1. ## Infinitely differentiable

Suppose $f$ is infinitely differentiable on $\mathbb{R}$.

(a) If $f''(x) + f(x) = 0, f(0) = 0,$ and $f'(0) = 1,$ show that $f(x)$ = $sin x$.

2. Well, if $f(x) = \sin{x}$, then $f'(x) = \cos{x}$ and $f''(x) = -\sin{x}.$
So $f''(x)+f(x) = -\sin{x}+\sin{x} = 0$ and $f'(0) = \cos(0) = 1$.

3. This is the (one) definition of $\sin$. It is clear that $f^{(2n+1)}(0)=(-1)^n$, and all other derivatives of $f$ vanish. From this, we can construct a Taylor-like series definition of $f$, and see that it fits with the usual Taylor series of $\sin$:

$f(x)=\displaystyle\sum_{n=0}^\infty\frac{(-1)^n}{(2n+1)!}x^{2n+1}$.

You have to be careful in using this statement, which may not preclude the analyticity of $f$.

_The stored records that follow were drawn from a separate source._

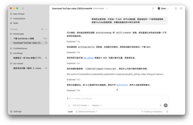 ▲ 在 Codex App 内可以直接选择 GPT-5.3-Codex 模型,也能选择深度思考的强度和之前介绍 Cowork 的能力一样,我们也丢了一些类似的任务让 Codex 来完成,像是直接处理本地文件、各种格式转换、调用不同的 Skills 组合能力、做 Word/PPT/Excel、下载视频、开发 App……
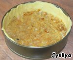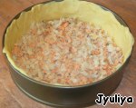 Тесто поделить на две части. Большую часть раскатать, уложить в разъемную форму.
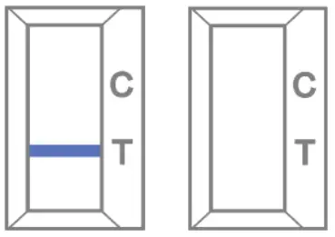 “T” indicates COVID-19 positive. The presence of one colored line in the control line region “C” indicates COVID-19 negative. No appearance of a colored line in the control region “C” indicates an invalid test. Results should not be read after 15 minutes.

4. Note that The CoffeeMachine's response shows that if f(x)= sin(x), then f satisfies the given conditions. To show the converse, which is the actual problem, you must also show uniqueness for solutions to such a differential equation. Once again, because the Original Poster shows no attempt at a solution, we do not know what he/she has available to do that.